The IIA study addressed the question of technology adoption directly. It finds that just 13 percent of the CAEs surveyed said they strongly agreed with the statement that their internal audit function “quickly adopts new technology or processes.” Another 56 percent somewhat agree that they quickly adopt new technology, and nearly a third (31 percent) fully admit that they don’t adopt new technology in a timely manner.

From Adversity, an Opportunity
The PwC report heralds a “technology inflection point,” and lists eight “emerging technologies expected to soon have significant global impact.” Those include: internet of things, augmented reality, virtual reality, blockchain, artificial intelligence, 3D printing, and robotics. PwC’s central message is that internal audit functions must adopt these technologies for use themselves if they are to add value in assessing the risks of how they are used throughout the organization. In other words, the rapid pace of change is only accelerating, and internal audit departments that don’t gain at least some understanding of these technologies will only fall further behind, risking irrelevance.

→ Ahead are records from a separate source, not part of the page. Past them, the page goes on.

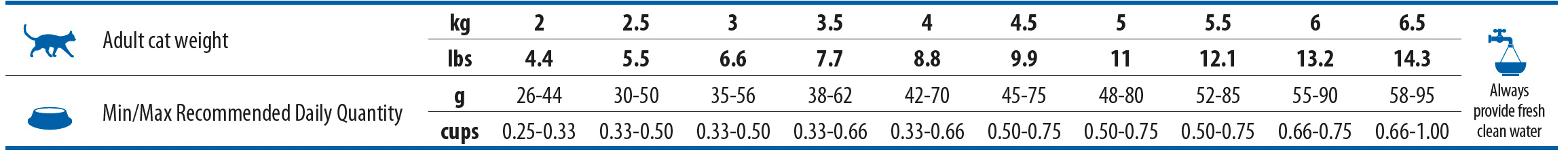 Аналитични съставки: Суров протеин 34.00%; Сурова мазнина 15.00%; Сурови влакнини 8.00%; Влага 8.00%; Сурова пепел 7.60%; Калций 1.00%; Фосфор 0.80%; Натрий 0.30%; Калий 0.60%; Магнезий 0.08%; Омега-6 2.00%; Омега-3 0.50%; DHA 0.15%; EPA 0.10%; Глюкозамин 1200mg/kg; Хондроитин сулфат 900mg/kg. Подкиселяващи урината съставки: калциев сулфат дихидрат 4000mg/kg.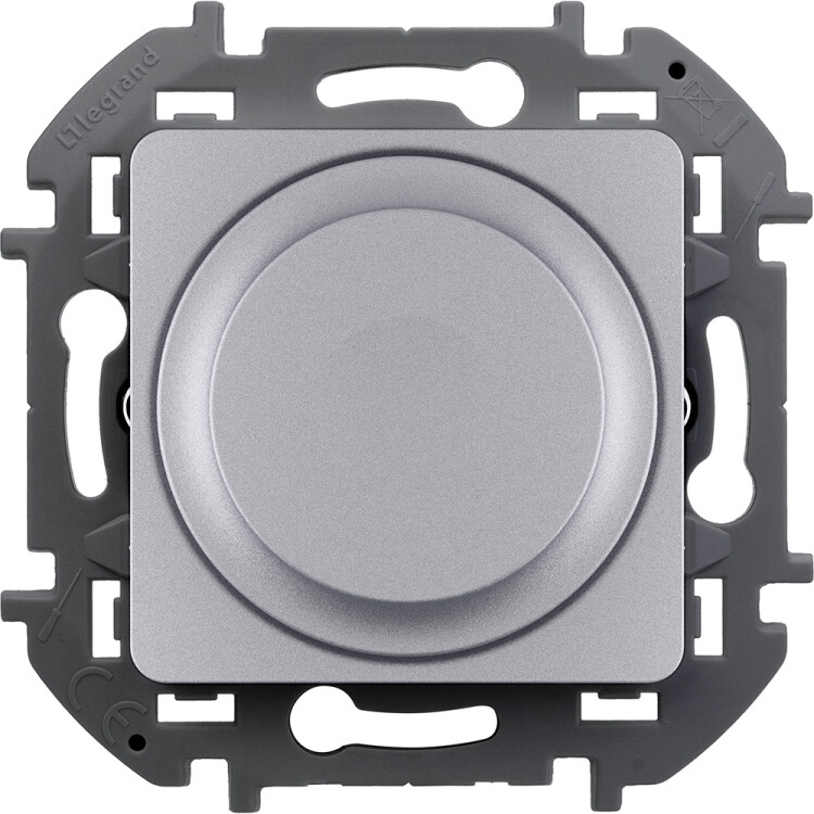 Диммер поворотно-нажимной универсальный для светодиодных и других ламп скрытого монтажа Legrand/Daccord Inspiria, мощность 5-300 Вт лампы накаливания / 5-75 Вт светодиодные лампы, поворотно-нажимной, цвет "Алюминий".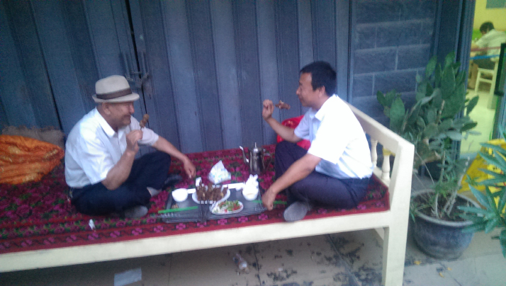 Selected and dispatched to villages by CPC committees at higher levels, first secretaries are part of the village leadership together with members of the CPC village branch and the villagers' committee. They are tasked with helping devise village development plans, resolve transportation, power supply and other practical problems, and enhance villagers' capability of self-governance. Thanks to Zhou, the children in the village flourished academically. Dilixiati got admission in university to study computer information systems administration and upon graduation, secured a well-paying job at the Tarim Oilfield, China's largest ultra-deep oil and gas production base in the hinterland of the Taklimakan. He credits Zhou's support as the reason for his success. Zhou's remarkable ability to connect with the children was due to his fluency in the Uygur language. Upon arriving in Xinjiang, he deliberately sought out the most isolated post available: a village called Qiongmaili, the last location in the entire autonomous region to gain access to electricity. He lived and worked there alongside the villagers for four months, and it was there that he began learning Uygur. Progress was initially slow; it took him eight months just to master the 32 letters of the alphabet. He devoted over six hours daily to studying Uygur: listening to recordings in the morning, watching television in the evening, and memorizing words whenever possible during the day. Over the years, he filled more than 40 notebooks with his Uygur lessons. Colleagues, gatekeepers, sanitation workers and even the naan vendors became his impromptu tutors. Mastering the language greatly improved his work efficiency. Zhou spent two months visiting over 1,000 households without interpreters, armed with a Uygur-standard Chinese dictionary. He documented every difficulty and problem he encountered, compiling a list of more than 200 issues, most of which were eventually resolved. ![]() Zhou Aiwu (right) eats kebabs with a resident in Yuli in August 2015 (COURTESY PHOTO)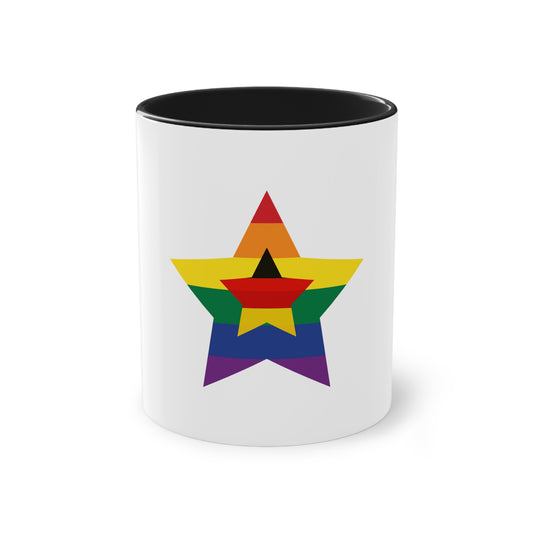 Sternchen für Regenbogen Deutschland, für Vielfalt, Verständnis und Akzeptanz auf Kaffeetassen bedruckt; weißer Außenbereich mit mehrfarbigem Innenbereich und Henkel, große; 11 Unzen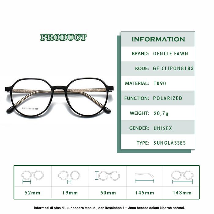 GENTLE FAWN KACAMATA CLIP ON POLARIZED STYLE SIMPLE TR90 RINGAN 8183 - TRANSPARANT, CLIP ON SAJA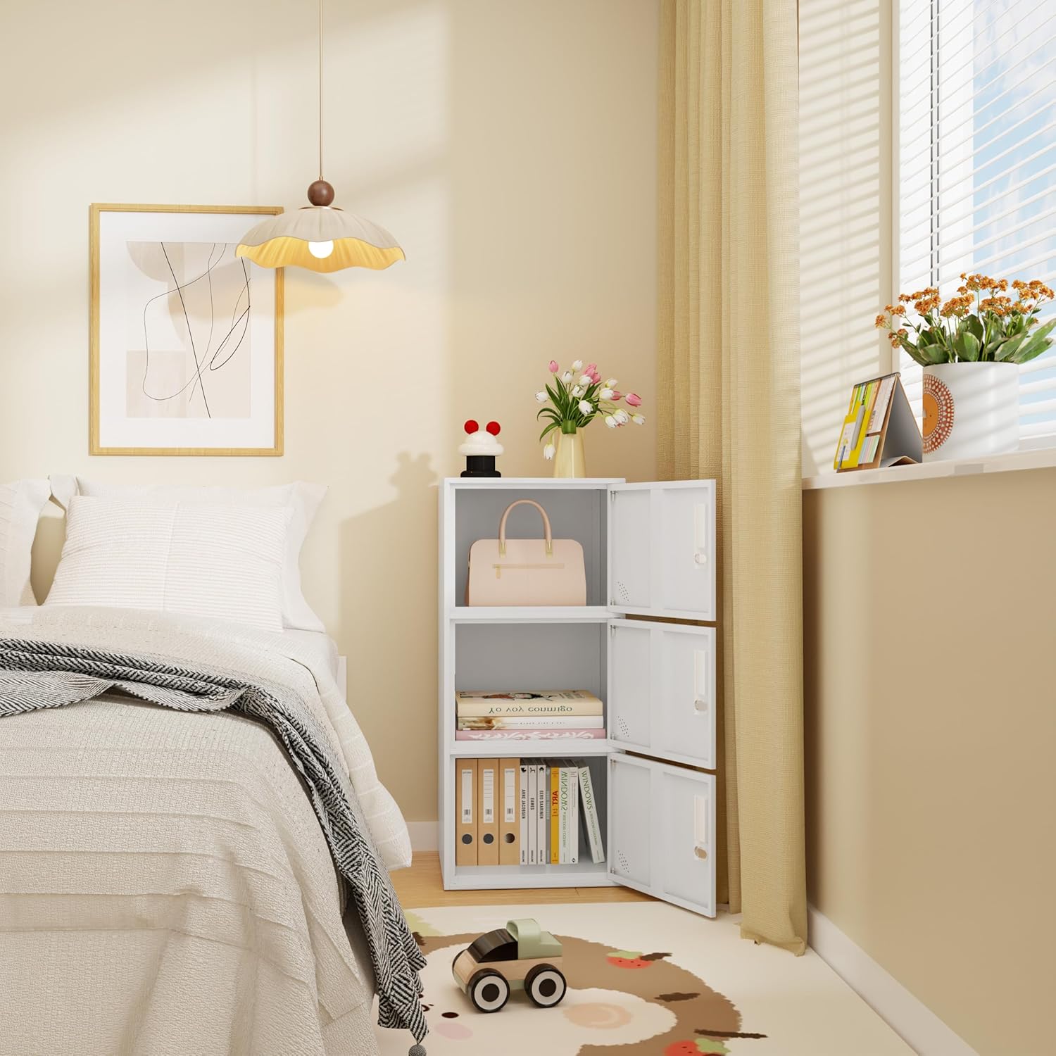 3 Door Metal Vertical Storage Locker for School, Office, Home,Gym,Stackable Steel Storage Cabinet with Lock,Anti-Falling Device. (3 Door, White)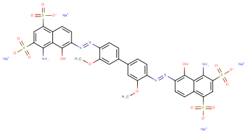 SMILESO=S(C1=C2C=CC(/N=N/C3=CC=C(C4=CC=C(/N=N/C5=C(O)C6=C(N)C(S(=O)([O-])=O)=CC(S(=O)([O-])=O)=C6C=C5)C(OC)=C4)C=C3OC)=C(O)C2=C(N)C(S(=O)([O-])=O)=C1)([O-])=O.[Na+].[Na+].[Na+].[Na+]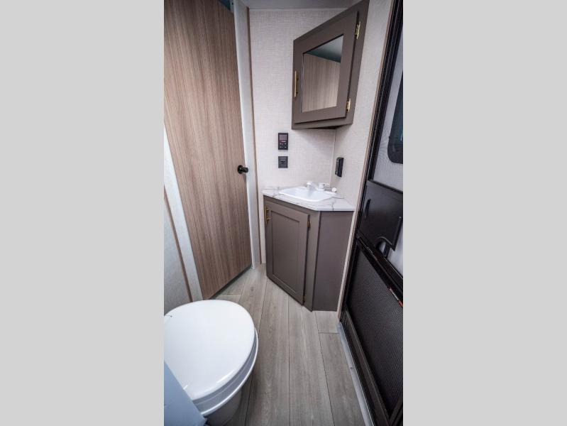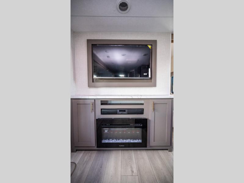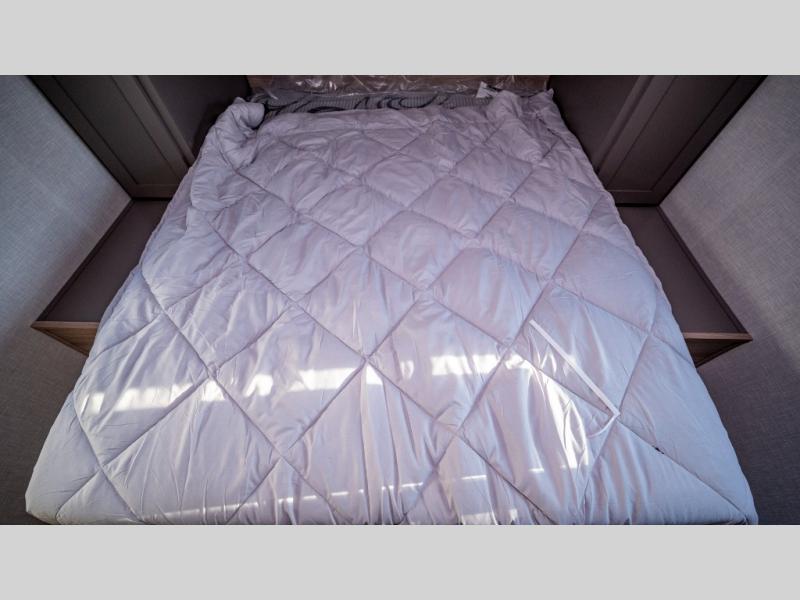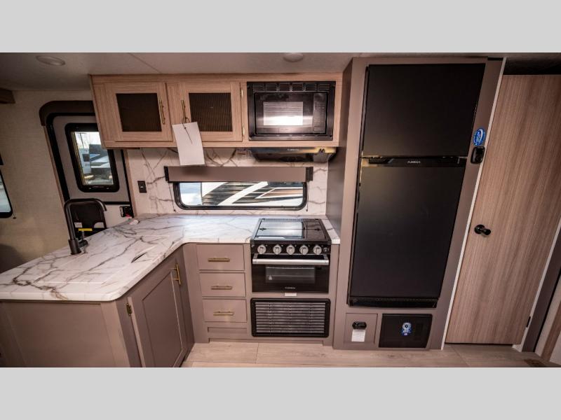 This is a great travel trailer to sleep all your friends or family! Once you arrive at the campground, the chef of your group can prepare lunch on the outside kitchen that includes a griddle and a refrigerator. The 18' power awning here will provide shade from the hot sun, and you can grab the lawn chairs from the pass-through storage to relax. You will find plenty of seating space inside on the 70" sofa and booth dinette within the large slide out, plus there is an entertainment center here. The interior kitchen includes everything you need to prepare meals each day, including a three burner cooktop, a microwave oven, plus a wardrobe/pantry for jackets or dry goods!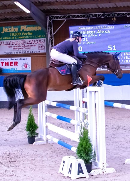 In vendita un castrone Oldenburg, nato nel 2017, con sangue di Toulon x Darco. Ha già ottenuto piazzamenti nella classe M*-Salto. È ben addestrato, ma richiede un cavaliere motivato ed esperto, in grado di sfidarlo e svilupparlo ulteriormente. Non è un cavallo adatto ai principianti, ma si dimostra motivato e ambizioso quando riceve il giusto lavoro e supporto. Un castrone con grande presenza e carisma.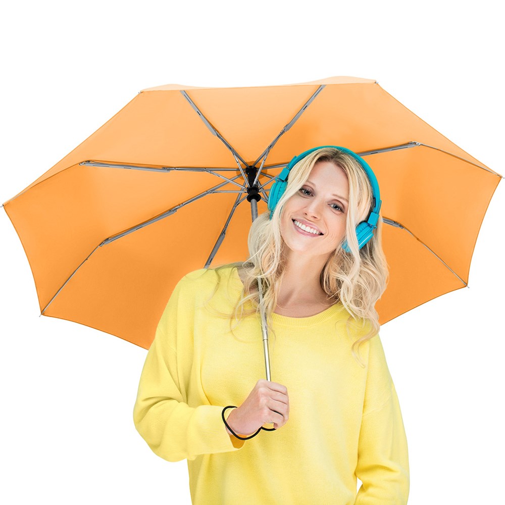 Trendy automatic open/close mini pocket umbrella in consistently uniform colouring Convenient automatic open/close function for quick opening and closing, high-quality Windproof PLUS system for maximum frame flexibility in stormy conditions, some colours are also available with waterSAVE® cover material - these are marked with the waterSAVE® label on the closing strap, chromed steel shaft, Soft-Touch handle in colour matching cover with silver push-button, elastic loop and promotional labelling option, sleeve with black piping. Also available as another mini pocket umbrella (art. 5565), as regular umbrella (art. 7560) and golf umbrella (art. 7580).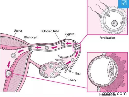 注:fertilization:受精;implantion(着床)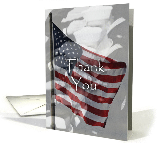 | Artist Notes: | A Veteran's Day Thank You card that any military member would like to receive with a black and white military photo of sailors saluting, a US flag in color over the black and white. |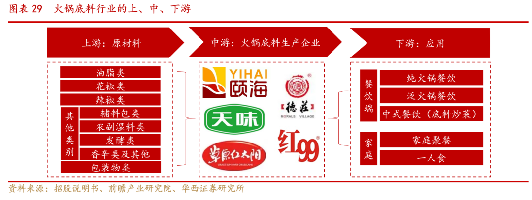 火锅底料行业上游集中度高,中游品牌效应明显,下游应用广泛。就火锅底料产业链整体而言,上游牛油生产商集中度高。牛油主要来自牛屠宰后附着在两边的牛肚油,供给极大程度上取决于牛肉的需求量,且根据海关总署规定,我国禁止从部分国家进口牛油,因此供给不够稳定,牛油供应的波动也影响中游制造企业的盈利能力。行业中游品牌效应集中,主要企业包括颐海国际、红99、天味和红太阳等。下游以餐饮端为主,占比超七成,主要原因是火锅餐饮口味易标准化,开店门槛低,属于易复制的经营模式,容易形成快速扩张,倒逼需求提升。除火锅外,火锅底料还向炒菜、麻辣香锅、麻辣烫、串串、冒菜、毛血旺等消费场景持续扩容。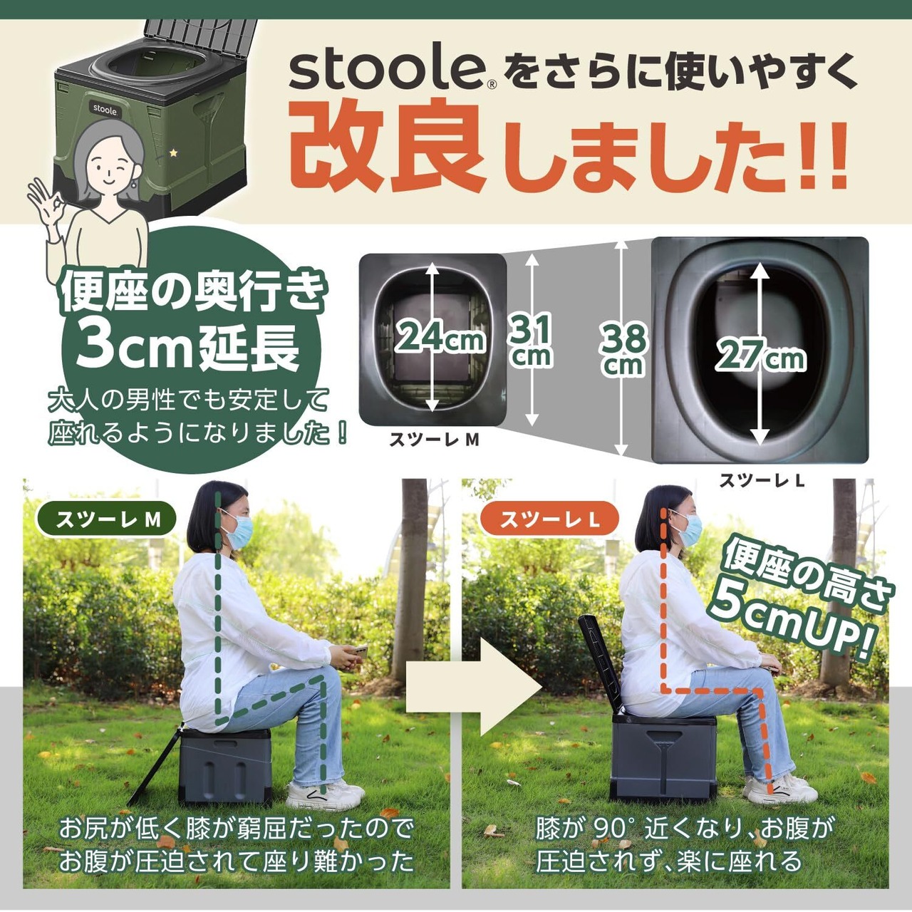 スツーレ® 【防災グッズ大賞受賞】 簡易トイレ ポータブルトイレ 防災からアウトドアまで 携帯トイレ 介護 耐荷重100㎏ (i.ブラック/Lサイズ/排便袋&凝固剤付き)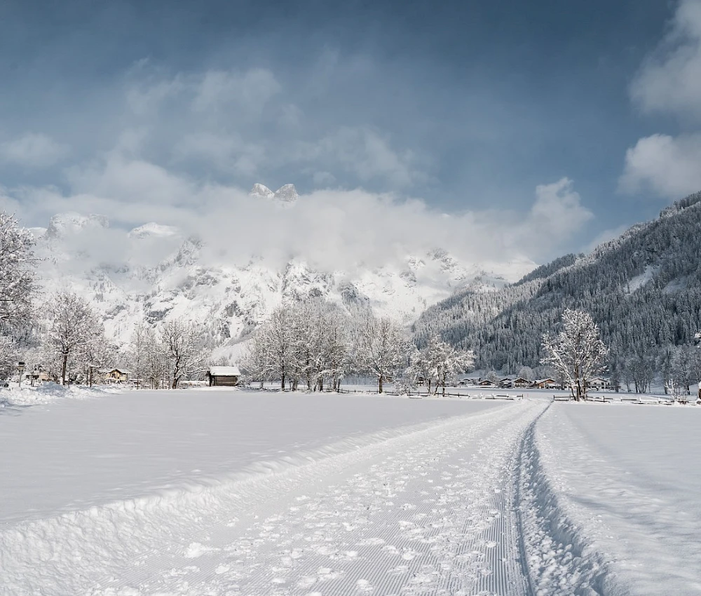 Mit einem Schritt vor die Tür stehen Sie als Gast unseres Hauses schon mittendrin im Winterparadies. Die Lifte und Seilbahnen des Werfenwenger Skigebiets führen direkt daran vorbei. Und auch der Einstieg in die Langlaufloipen ist nur etwa 300 Meter entfernt. Doch lieber Winterwandern? Dann: Schuhe an, tief durchatmen und los – hinein in eine stille, glitzernde Winterwelt, die schöner kaum sein könnte.
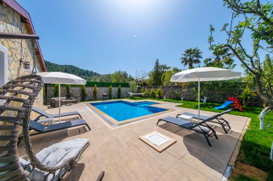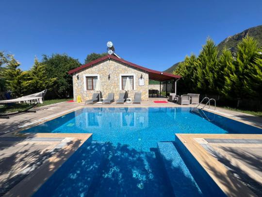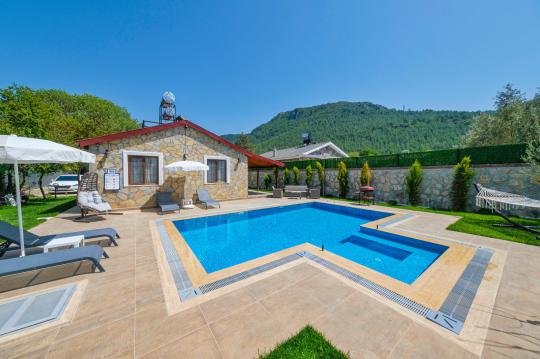 Villa Karamel şehrin gürültüsünden uzakta tatil yapmak isteyen misafirlerimize eşsiz bir tatil fırsatı sunmaktadır. Yapımı 2020 Mayıs ayında biten taş villamızın bahçe ve havuzu dışarıdan görünmeyecek şekilde korunaklıdır. Villamızda 2 adet yatak odası ve 1 adet banyo olup 4 kişilik konaklama kapasitesine sahiptir. Doğal ve tarihi ortamıyla misafirlerini büyüleyen Kayaköy, Fethiye şehir merkezine ve dünyaca ünlü Ölüdeniz Plajı’na yalnızca 10 dakika mesafededir. Villamız çekirdek aileler ve balayı çiftleri için uygundur. Geniş ve özel yüzme havuzu ile misafirlerimize kusursuz bir tatil imkanı sunmaktadır. Villamızın bulunduğu bölge itibariyle yaz akşamlarının bunaltıcı sıcaklarında bile daha serin bir tatil ortamı sizi bekliyor.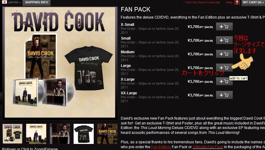 Tシャツのサイズを選んで、その横のカートをクリック

While it may be hard to imagine an internal audit department of auditor robots wearing VR headsets, and printing out 3D risk models that they hand to waiting drones to deliver to the CEO’s office, most internal auditors will agree that they could do a better job of getting with the technologic times. Certainly, the usefulness of AI, machine learning, and blockchain is apparent and already being used in forward-thinking internal audit shops globally.

The study divides internal audit departments into three groups: advanced adopters of technology, which it calls “evolvers,” which make up just 14 percent of those studied; “Followers,” which take notice and follow in technology adoption at a slower pace (46 percent); and “observers,” which include the 37 percent of internal audit departments that have only basic or no technology use.

“A significant opportunity is there in that some of the barriers that we’ve seen in the past, whether it was cost or skills that you may need to be actually able to take advantage of some technologies, are no longer there, “ says PwC’s Massey. “There’s a real opportunity for observers to get in the game, make some investments, and leap forward significantly.”

Why is Internal Audit Behind on Tech?
So what’s keeping internal audit from embracing the latest and greatest technologies? The biggest barrier, says Massey, is talent. Internal audit departments are having a devil of a time finding talented candidates, particularly those who have skills and experience in technology areas like advanced analytics or machine learning. This should come as no surprise to internal audit leaders, since they were having a difficult time hiring the right people four or five years ago. Now that the labor market has tightened considerably, with the unemployment rate near 4 percent, the hiring difficulties have only intensified.

2 Replies to “Research Finds Internal Audit Lags in Tech Adoption: Here’s Why”

  1. This is also apparent in emerging markets particularly Asia amd the Middle East. Even professional firms providing IA and risk services are struggling to incorporate innovative technology which greatly affects value. Additionally, some ACs lack enthusiatic sponsorship to the adoption especially when IA’s performance is perceived to be poor (e.g. when IA is just introduced). This makes IA less exciting plus the fact that incumbents are sticking to the norm.
    Technological advancement in IA is sophisticated and challenging as it can’t be done just like picking items off the shelves. Systems, infrastructure and culture are different from one organization to the other. Thus tailor-fitting is a necessity which can at times be costly. And, its relevance is a race with time as technology always evolve. What was adopted today may not be relevant tomorrow.
    This makes me sad. IA is struggling as assurance does.